Hang on.... "Chaos Monkey is a piece of software that deliberately takes out random parts of your live production system".... hmmmm.... maybe it *is* the Firefox Javascript subsystem?
(Spudley Strikes Again!)
I wonder how this behaves in the eye of the customer.
From cluster solutions i know there are those in the maintain of it that mistake a redundant system with zero downtime.
The problem is that if you take down a server , all connections to it are down. Some application gracefully swtich to an other server. Some application however first have to time out. Some applicatons crash.

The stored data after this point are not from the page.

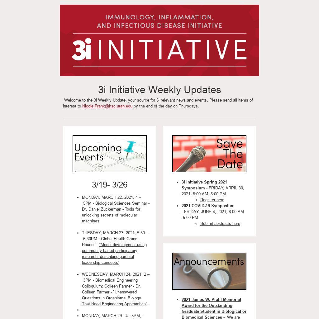 Welcome to the 3i Weekly Update, your source for 3i relevant news and events. Please send all items of interest to Nicole.Frank@hsc.utah.edu by the end of the day on Thursdays.
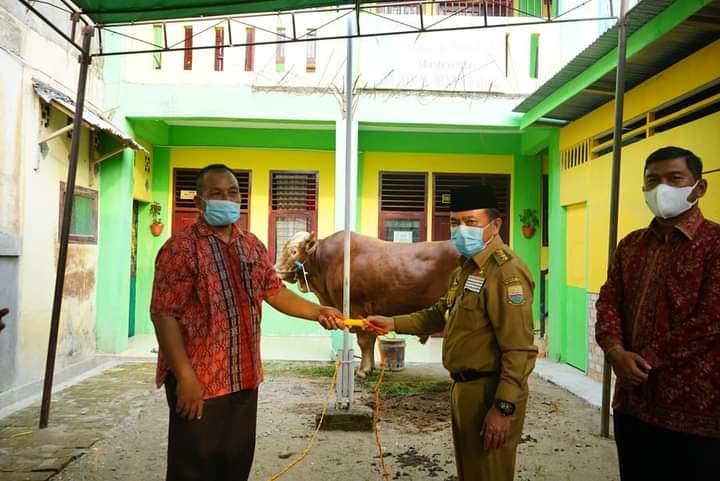 Jambi (WARTANEWS.CO) – Dalam rangka Hari Raya Idul Adha 1442 H, Gubernur Jambi Dr.Al Haris, S.Sos,M.H. menyerahkan hewan kurban kepada pengurus Mesjid Al Falah Kota Jambi.
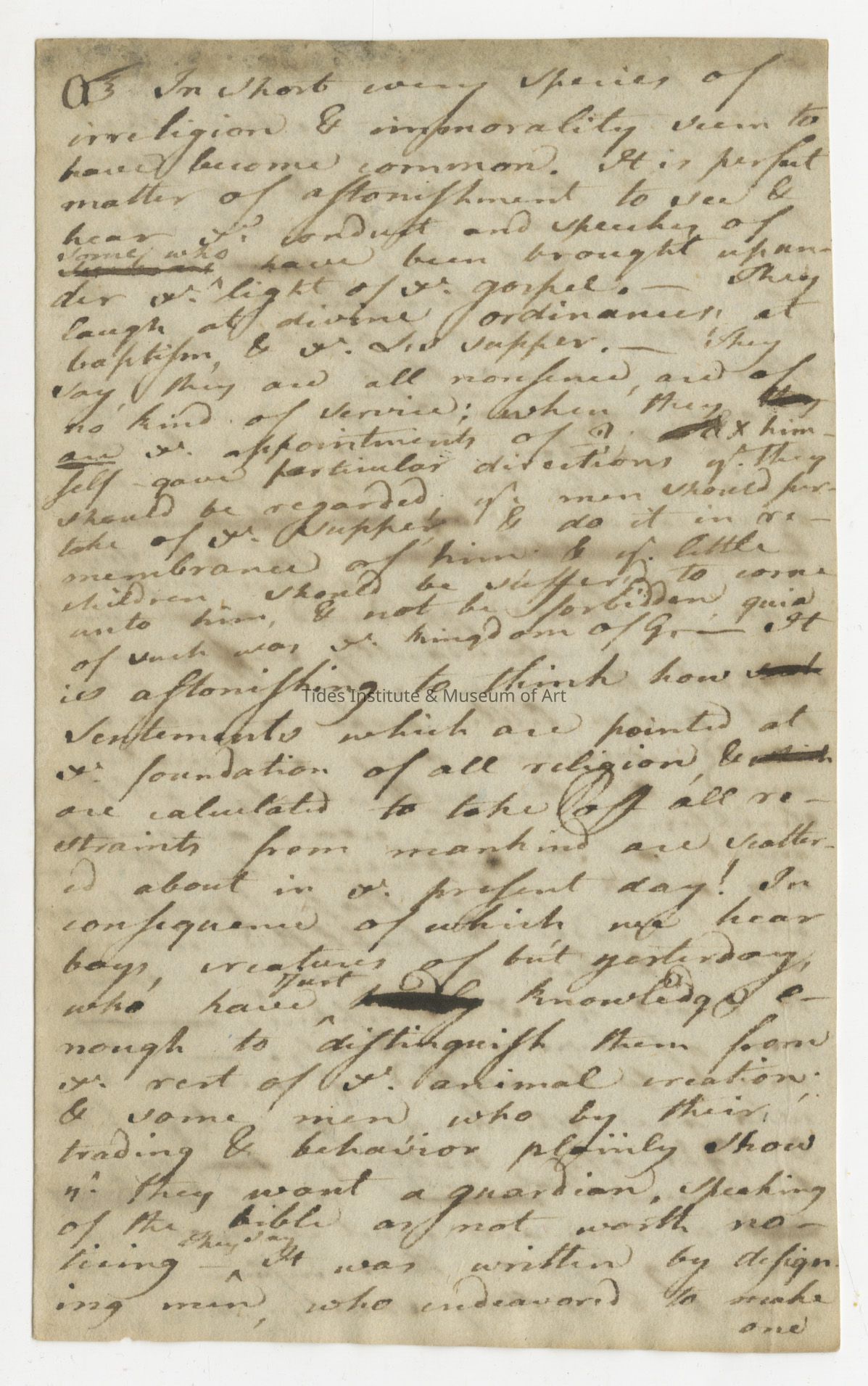 In short every species of irreligion and immorality seem to have become common. It is (a) perfect matter of astonishment to see and hear that conduct… and speaking of some who have been brought up under the light of the gospel. They laugh at divine ordinances, at baptism, and the lord's supper. They say, they and all … are of no kind of service; when they are the appointments of God himself gave particular directions that they should be regarded and men should partake of the supper and do it in remembrance of him and the little children should be suffered to come unto him and not be forbidden … of such was the kingdom of God. It is astonishing to think how sentiments which are pointed at the foundation of all religion, and are calculated to take off all restraints from mankind are scattered about in the present day! In consequence of which we hear boys, creatures of but yesterday who have just knowledge enough to distinguish them from the rest of the animal creation and some men who by their trading and behavior can plainly show they want a guardian speaking of the bible as not worth noticing they say it was written by designing men who endeavored to make (end of page 1)
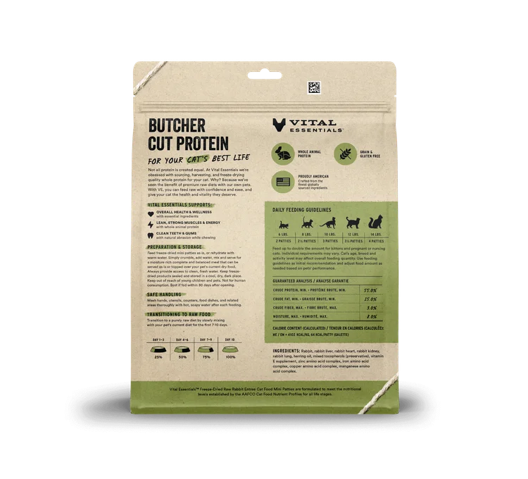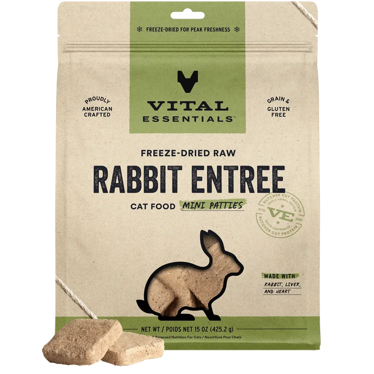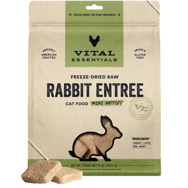 Vital Essentials Freeze-Dried RAW Rabbit Entree Mini Patties Dry Cat Food, 8oz
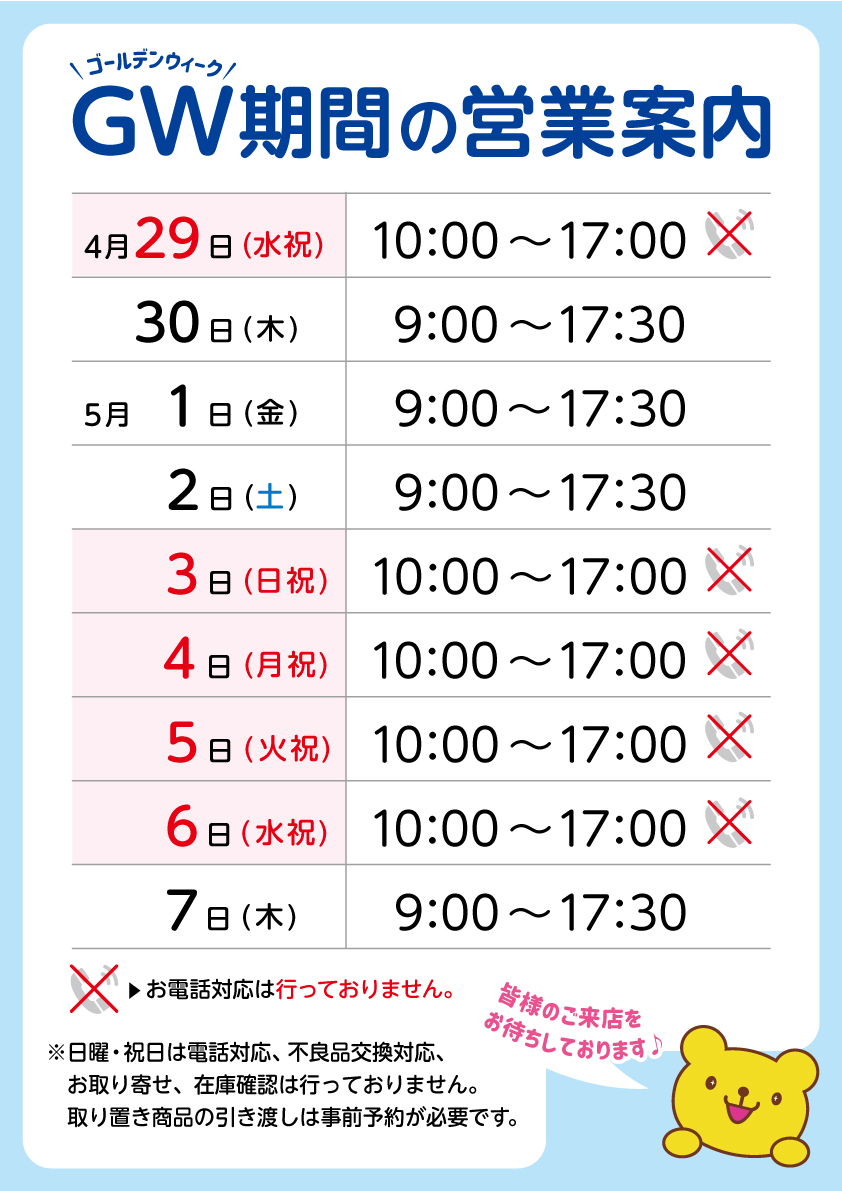 2026.04.28 2026年 GW 営業時間のお知らせ いつもヤマギシをご利用いただきまして誠にありがとうございます。 2026年のGWは下記の通り営業致します。 お客様のご来店をお待ちしております。
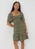 Learn moreCharm meets comfort in our Green Shirred Bodice Mini Dress. Delicate shirring ensures a flattering fit, while puff sleeves with tie-up details add whimsy. The subtle floral pattern and tiered mini skirt create playful movement. Crafted from lightweight fabric, it’s perfect for sunny days or casual evenings. Dress it up with heels or down with flats for versatile style.
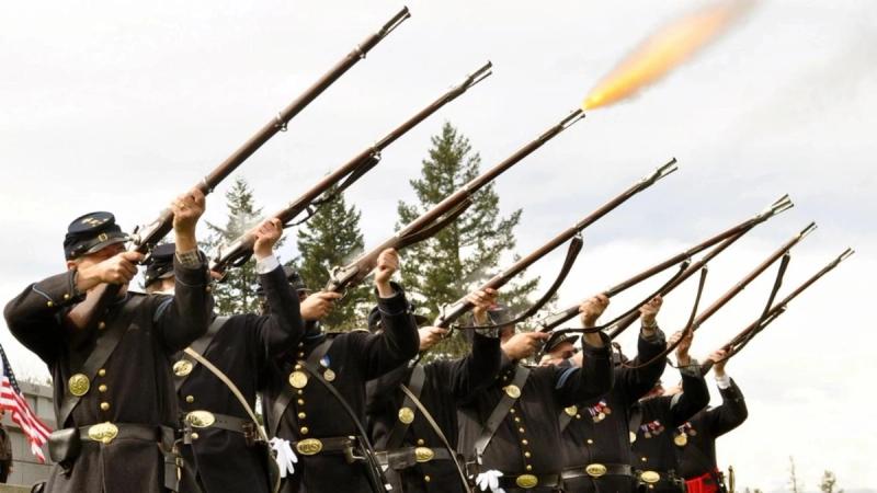In a traditional Civil War ceremony, the 4th U.S. Infantry Regiment dressed in Union uniforms, while firing musket volleys, and singing "The Battle Hymn of the Republic."

THe question is, do those interruptions get reported correctly, or are people just blame the app, restart their PC?
Very few of those user-problems actually get reported, and the first line help desk just instructs them to restart, and since by then an other VM / region has taken over, everything works. But doing this on purpose is not a gooed user expierence.
Just remember, 0 downtime does not mean that there are no interruptions, to minimize these you need a differnet mindset.
Yes sir, I like uptimes of 1 to 2 years.
I originally read that as the "Syrian Army".
I'm a good cook. I'm a fantastic eater. - Steven Brust
netflix gets all this great PR for this approach - and at least in theory it's a good one - but as a customer of netflix's, the results i've experienced are actually pretty poor.
think about it, they go around shooting nodes in the head during business hours. In the long run, that's great, they can be prepared for anything, but it's still madness.
Oh and separation of services? Great. But who the hell wants to browse the netflix directory when the streaming service is down? Not me, for one.
Maybe they do this with their PC client? They surely don't seem to care about the robustness of their Android client. I think they must develop and test that monster on the latest, most powerful hardware that a corporation can buy. Then they fill it full of graphics and video until it almost breaks thus ensuring that it runs like crap on anything less. I would drop Netflix like a ton of bricks except they have licensed most of the content that I would actually want to watch while Hulu, the only competitor I am aware of has just about nothing for me.
Chaos Kong ate my cloud! I hope Mario can save my QoS levels by rescuing Pauline.
The article appears to be a slightly pretentious way of saying that Netflix does reliability testing on its live systems. They can get away with this only because it is not critically important for Netflix to be highly robust: the downside of failure is merely a degree of temporary irritation. Don't try this in the financial markets or life-support systems.